Chris Froome has told Cyclingnews that he is ready to shoulder the pressure and responsibility of leading Team Sky at the Tour de France, believing he has the ability to take on Alberto Contador and target overall success thanks to this year's mountainous route.
In a video interview recorded at Team Sky's media day in Mallorca, Froome also claimed that his second place in the 2012 Tour de France was a clear statement that cycling has changed. The Kenyan-born Briton sees Lance Armstrong's demise as an opportunity for the sport to find new role models people can admire.
"It's been sensationalized a lot. We're not best friends but we've got a working relationship and I think we'll both do exactly what's asked of each for the team, so we can achieve the team's goals," Froome told Cyclingnews.
"I think every team needs to go in (to the Tour) with contingency plans like I was last year's Tour. That guy will be the last help in the mountains if you like and the way its shaking out at the moment, Bradley would play that role for me this year."
In a change of programme, Froome will begin his 2013 season alongside Wiggins at the Tour of Oman on February 12. After that his programme will include Tirreno-Adriatico but then focus on being at his best for the Tour de France.
"It sounds like a lot of the big hitters are going out there (to Oman) but it's still very early days and hard to take real truths out of the results. It'd always be good to get one up on Contador," he said, seemingly relishing a battle with the Spaniard come July.
"I think he's definitely my biggest rival at the moment, he knows what he's doing in the big tours. I'd like to think my time trial is better than his and then stick with him in the mountains. However the Tour is so mountainous this year, if anyone has a bad day, that could potentially be minutes lost there. To me it looks like the race is going to be won or lost in the mountains at this year's Tour de France."
Being a role model
Froome did not shy away from questions about doping or Lance Armstrong. Like most riders he is looking to the future and believes he can is a role model for the future of the sport.
"It's something that I hope will help the sport move forward and close the door on that era of cycling. The sport has definitely developed. It's no longer the case of guys doing blood bags and transfusions, etc. If they are, it's a very minority, the guys who are losing their contracts or just trying to take chances.
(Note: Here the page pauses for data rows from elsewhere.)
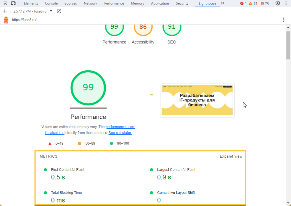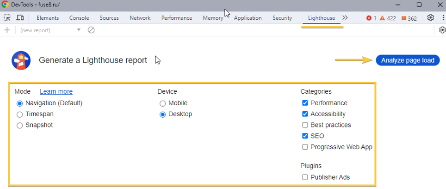 Один из способов протестировать производительность сайта, а также accessibility и SEO оптимизацию – это Lighthouse, который теперь встроен в DevTools.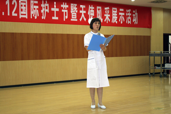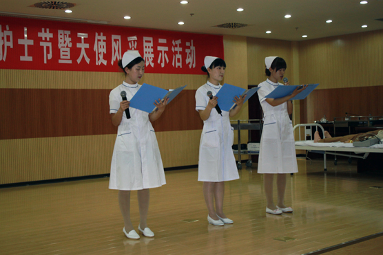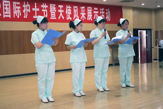随后,儿科的配乐诗朗诵《因为感动》将天使风采展示活动的序幕徐徐拉开,呼吸内科、产科的手语舞《隐形的翅膀》,妇产科二区的演讲《天使的自豪》,联合科室的《应急演练》,外一科的中英双语演讲《一个新上岗护士的白色梦想》,内三科歌曲《爱的翅膀》等精彩节目纷纷上演,引来台下观众阵阵掌声。神内二科的配乐诗朗诵《选择护士职业,我们无比骄傲》,骨二科的演讲《爱心奉献,责无旁贷》,内四科的配乐诗朗诵《托起生命的希望,青春在这里闪光》,外二科、外三科的礼仪风采展示,ICU配乐诗朗诵《我们的选择今生无悔》,手术室的舞蹈《凝聚每份爱》,骨一科配乐诗朗诵《白衣天使》,神内一科演讲《真诚沟通、用心呵护》等节目更是意味悠长,充分展示了我院护理工作人员对护理工作的热爱与执着,最后门诊部、急诊科、五官科的合唱《我们的祖国》将演出活动推向高潮,院班子全体成员与全体演职人员合影留念,整场演出圆满落幕。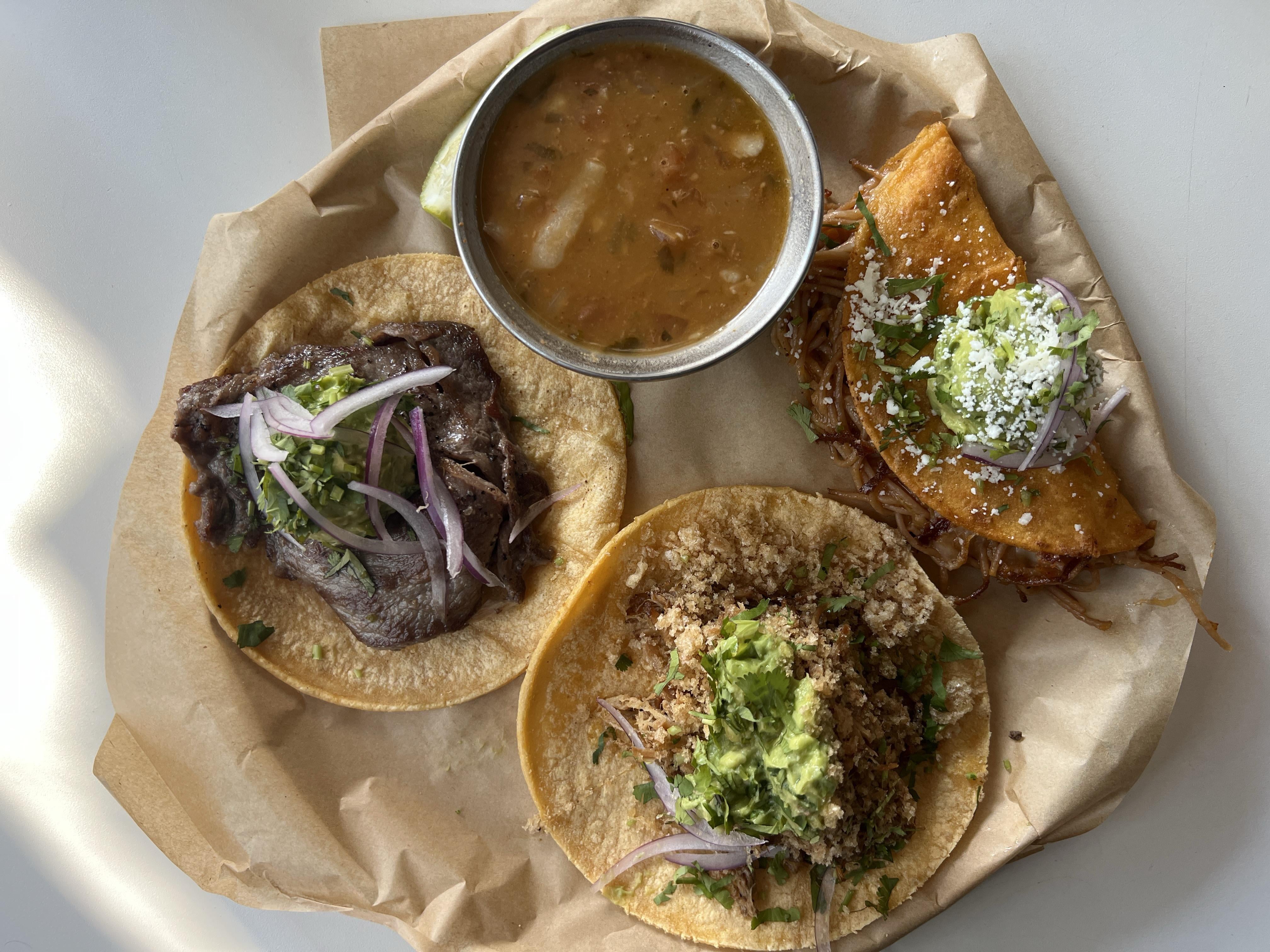 Taco de lechón, taco de fideo & taco de cachetada de ribeye at Salsitas in San Antonioby tacotrail Write A CommentYou must be logged in to post a comment.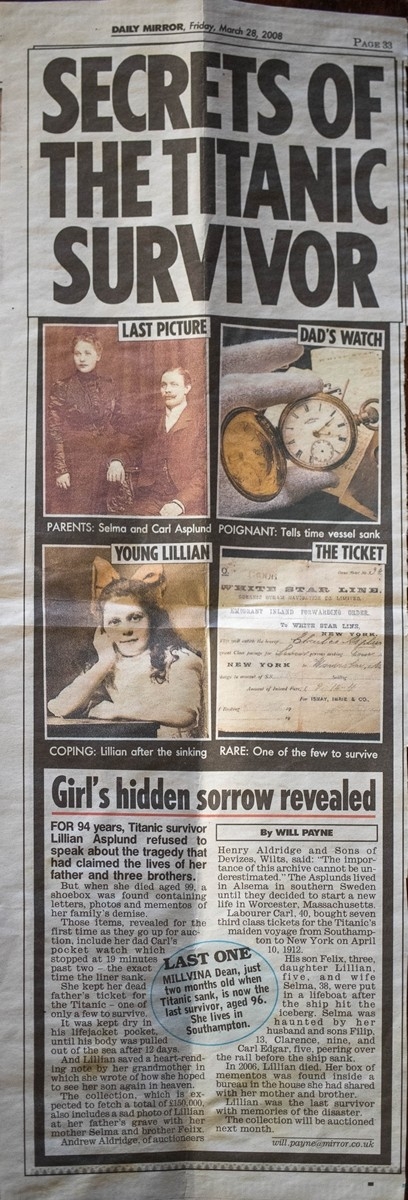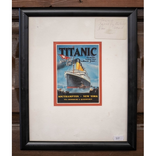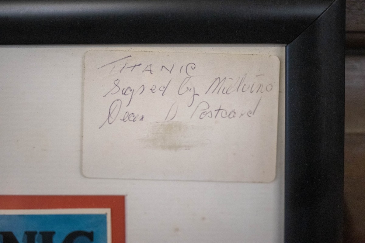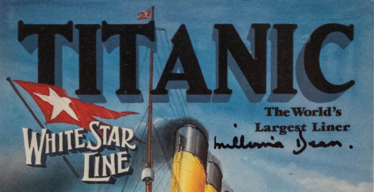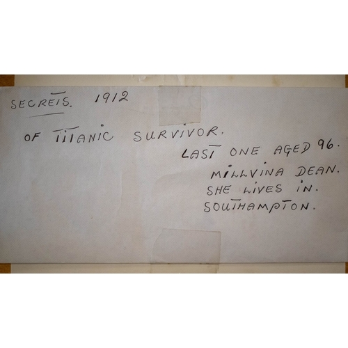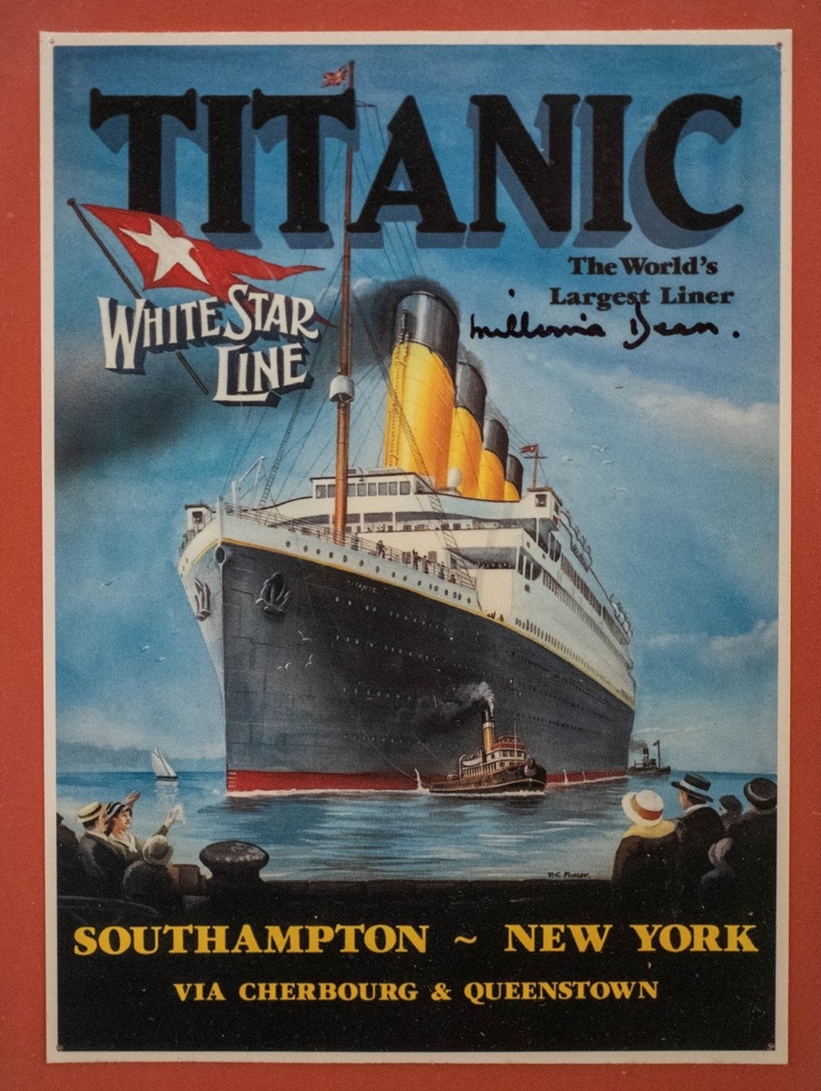 Signed Titanic postcard signed by Millvina Dean at the Titanic Exhibition, Dudley, 1996. At the time Millvina was the sole survivor. She was just 2 months old when the Titanic sank in 1912. Millvina passed away in 2009 aged 97. Postcard size is 10cm x 14cm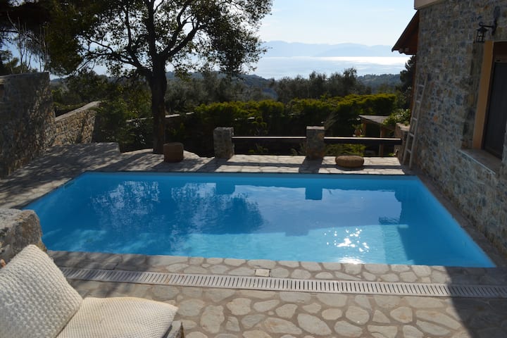 Nyumba ya familia ya Evia, mwonekano wa bahari wa bwawa la kujitegemea na bustani.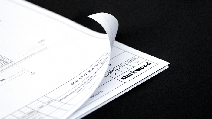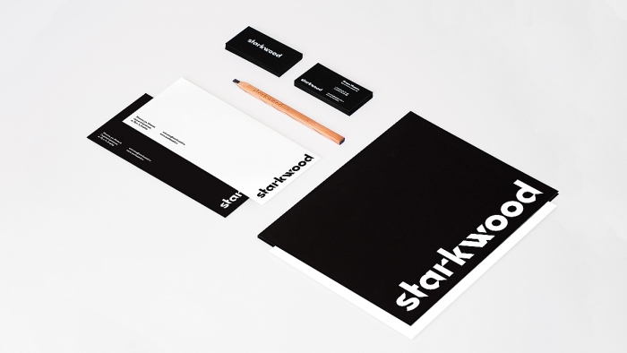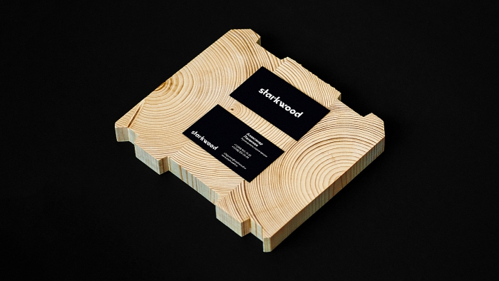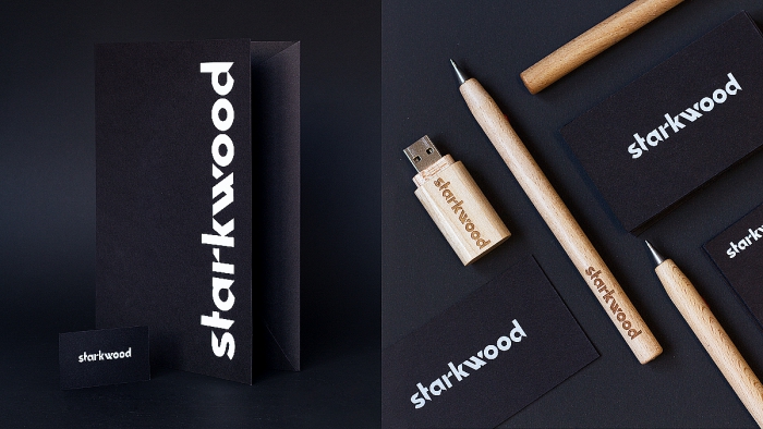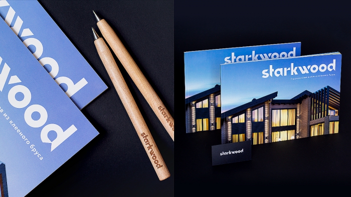 Логотип компании — уникальное шрифтовое решение. Символы создают впечатление, что они выточены из бруса и собраны в конструкцию. Уверенное, звучное название и логотип подчеркивают направление деятельности. Сочетание черного цвета, строгих линий и контрформ дают прямую отсылку к проектной документации и чертежам, сопровождающим строительство дома. Фирменный стиль Starkwood — это громкое и уверенное заявление бренда о серьезном подходе, внимательности к деталям и безупречной точности.

They're the guys who are getting caught."
"Cycling definitely has transformed. And for me, coming second in last year's Tour de France, was a clear statement to say: 'Yes, the sport has changed'. I would never have been able to do that if doping was still prevalent in the sport."
"I think it presents us with an opportunity. The sport needs new figures to look up to, clean winners who aren't going to get their titles stripped. Personally it gives me a lot of motivation, it gives me a goal, something to aim for and hopefully inspire people, knowing that the sport has changed."